For years I tracked my income and expenses obsessively. Spreadsheets, categories, monthly reviews. I knew exactly how much I was spending on groceries. What I didn't know was whether I was actually making progress. Net worth tracking fixed that.
Your net worth is the single number that captures your real financial position. Not how much you earn. Not how much you spend. Where you actually stand.
The Formula Is Simple
Net Worth = Assets − Liabilities
Assets (what you own):
- Checking and savings account balances
- Investment accounts (brokerage, 401k, IRA, HSA)
- Real estate (current market value)
- Vehicle value (Blue Book)
- Other valuables (collectibles, business ownership, etc.)
Liabilities (what you owe):
- Mortgage balance
- Car loans
- Student loans
- Credit card balances
- Personal loans, medical debt
Subtract liabilities from assets. That's your number. If it's negative, that's okay — most people in their 20s start below zero. The direction matters more than the starting point.
Why It's More Useful Than Budgeting Alone
Budgeting tells you what happened with your money this month. Net worth tells you whether it's building over time. You can have a "good" month and still make no real progress if debt isn't decreasing. You can have a "bad" spending month and still build wealth if your investments performed well.

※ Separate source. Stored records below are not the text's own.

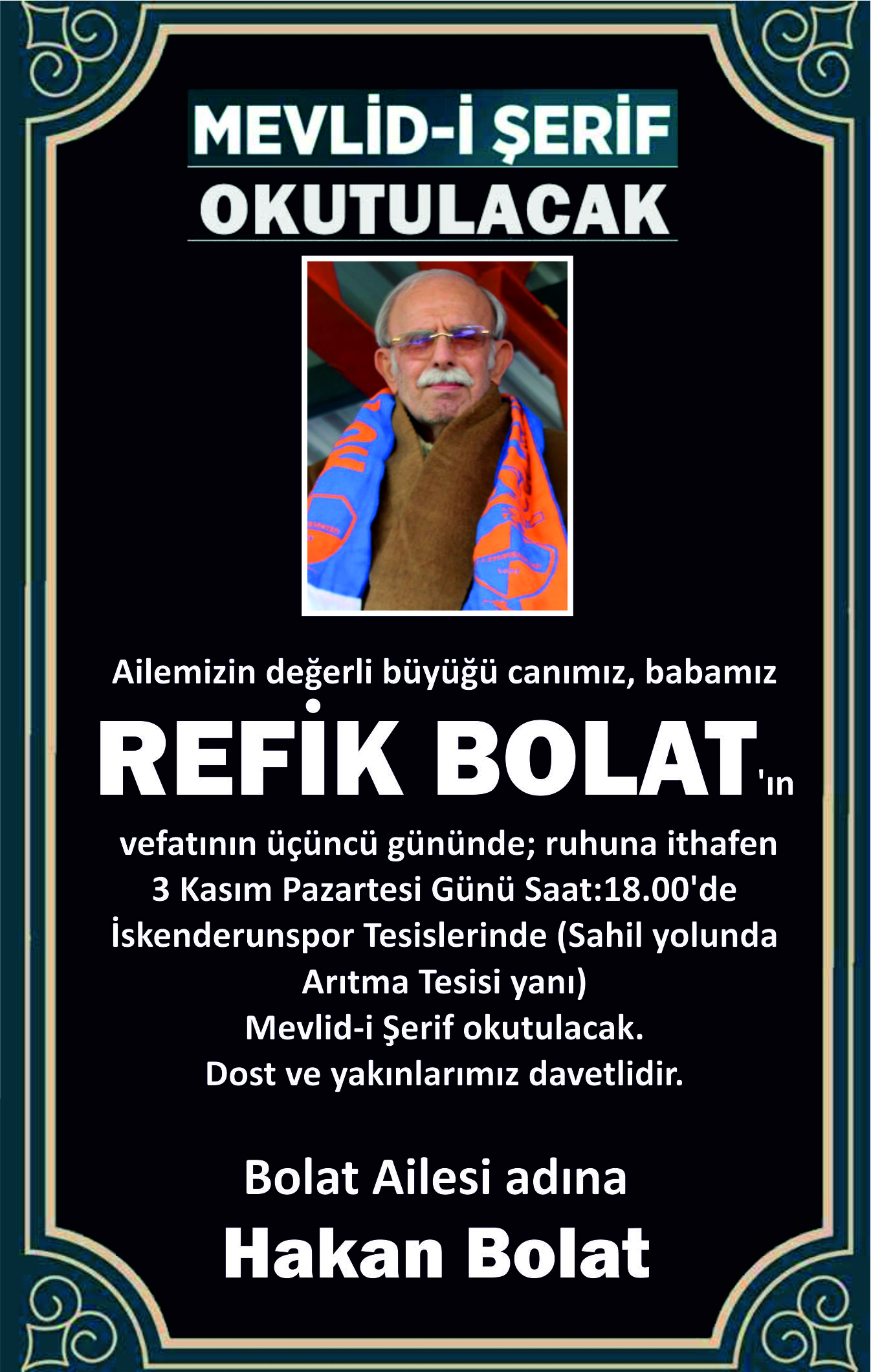 Genel, Gündem, Önemli HaberMevlid-i Şerif Okutulacak Oluşturulma Tarihi: 2 Kasım 2025 – 13:412 Kasım 2025 – 13:41 Yazar: Söz Gazetesi İskenderun ADD’ye selam olsun! Trafik de trafik!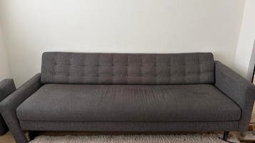 Deze grijze slaapbank is een praktische toevoeging aan elke woonkamer of logeerkamer. De bank is gebruikt en heeft enkele gebruikerssporen, waaronder een beschadiging aan de linkerkant. De leuning lig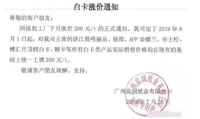 廣州啟潤紙業:因接到工廠下月漲價200元/t的正式通知,定于2019年8月1日起,對我司主營的湛江晨鳴、麗致、APP金蝶蘭、帝王松、博匯丹頂鶴白卡、銅卡等所有白卡類產品實際銷售價格均在現有的基礎上統一上調200元/噸。

Net worth gives you the big picture. Budgeting is a tool to improve that picture. Both matter — but net worth is the scoreboard.

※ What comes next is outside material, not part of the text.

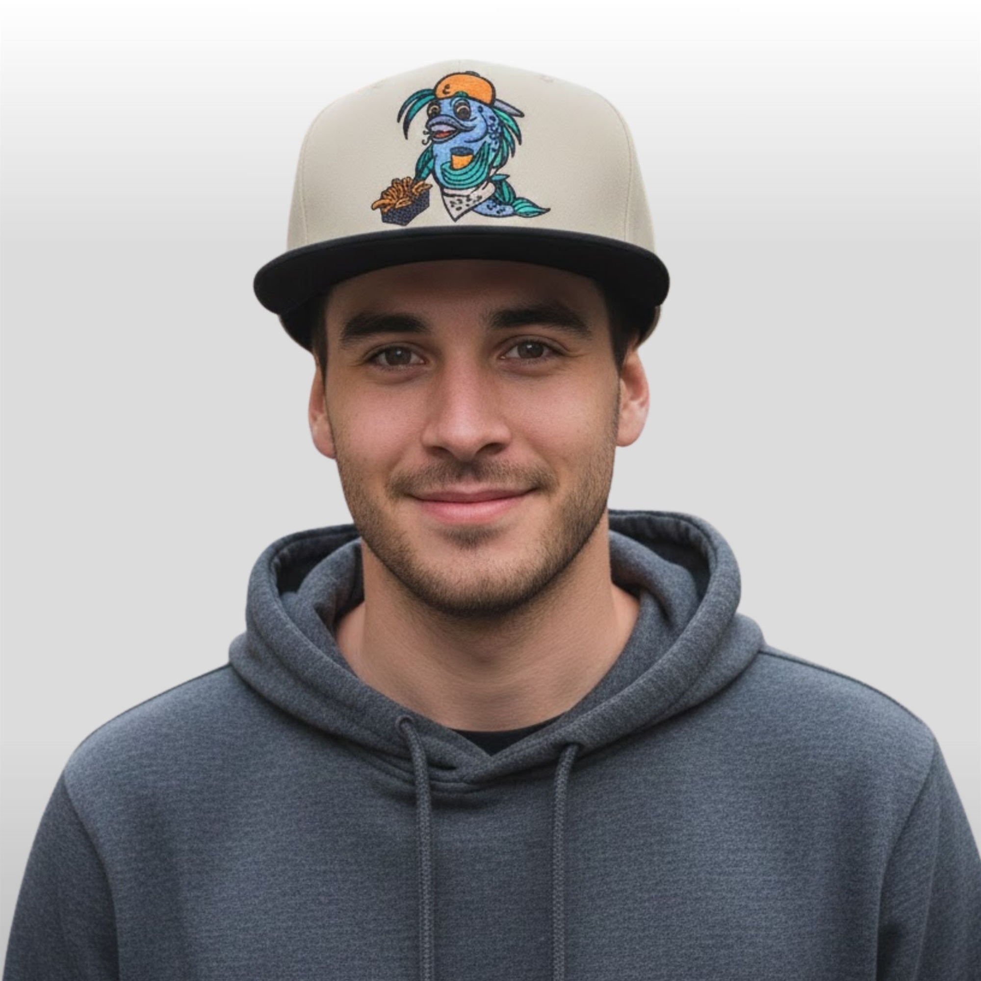 The design of this hat is a masterclass in quirky, nautical aesthetics. It features a clean, cream-colored crown paired with a sharp black brim, providing a neutral canvas that makes the centerpiece artwork truly “pop.” The front displays a charismatic, cartoon-style fish character, decked out in its own tiny orange cap and a stylish bandana, holding a fresh basket of golden-brown fries.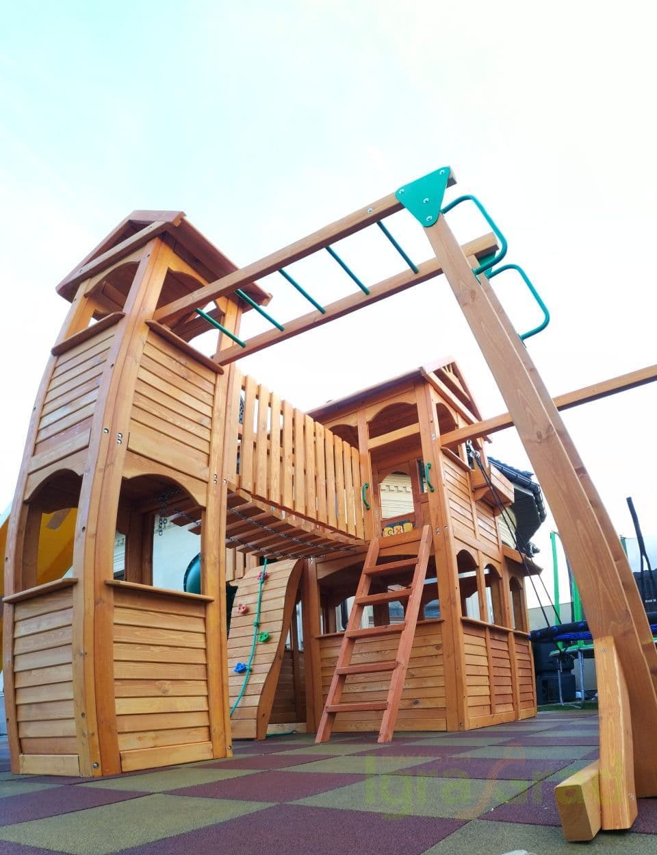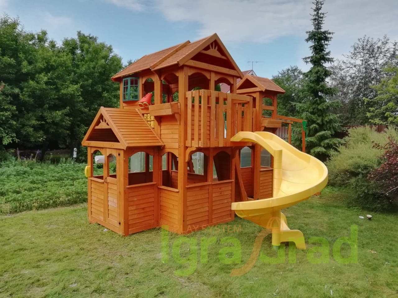 - отдельно стоящий дополнительный двухуровневый домик с деревянной крышей;

Benchmarks: Where Should You Be?
These are rough benchmarks, not rules. Life circumstances vary enormously. But if you're wondering if you're on track:
| Age | Common Benchmark | Notes |
|---|---|---|
| 25 | $0 to $20,000 | Just getting started; student loans may keep you negative |
| 30 | $50,000–$100,000 | 1× annual salary is a solid target |
| 35 | $100,000–$200,000 | 2× salary; homeownership changes this a lot |
| 40 | $200,000–$400,000 | 3× salary target per Fidelity |
| 50 | $400,000–$700,000 | 6× salary target |
| 60 | $700,000–$1.2M+ | 8-10× salary for retirement readiness |
Behind benchmark? The fix is the same: spend less than you earn, pay down debt, invest the rest, and wait. The gap closes faster than you'd think.
How to Track It
You don't need fancy software. A spreadsheet updated monthly works fine:
- List all accounts and their current balances (assets)
- List all debts and their current balances (liabilities)
- Subtract liabilities from assets
- Record the date and total
- Repeat monthly
If you want automation: Empower (formerly Personal Capital) connects to all your accounts and calculates net worth automatically. It's free. Mint and Copilot are alternatives.
The Psychological Effect
Once you start tracking net worth, you stop making decisions based on cash flow alone. You start asking: does this decision increase my net worth? A car purchase on credit decreases it immediately (the debt is instant; the asset depreciates). Paying off a loan increases it dollar-for-dollar. A home purchase might increase it over time as equity builds.
You start seeing every financial decision differently. That shift in perspective is worth more than any specific tactic.
The Honest Reality About Negative Net Worth
Most Americans in their 20s and early 30s have negative or near-zero net worth. Student loans, car payments, credit card debt — it adds up fast. If your number is negative right now, you're not failing. You're at the starting line with the rest of your generation.
The goal isn't to feel good about a number today. It's to watch the number grow over months and years, and to understand why it's moving in the direction it is.
The Bottom Line
Calculate your net worth today. Write it down. Look at it again in 30 days. The act of measuring creates accountability. You can't optimize what you don't track, and most people have never once added up what they own versus what they owe. Do it this weekend. The number might surprise you — in either direction. Either way, knowing it is better than not knowing it.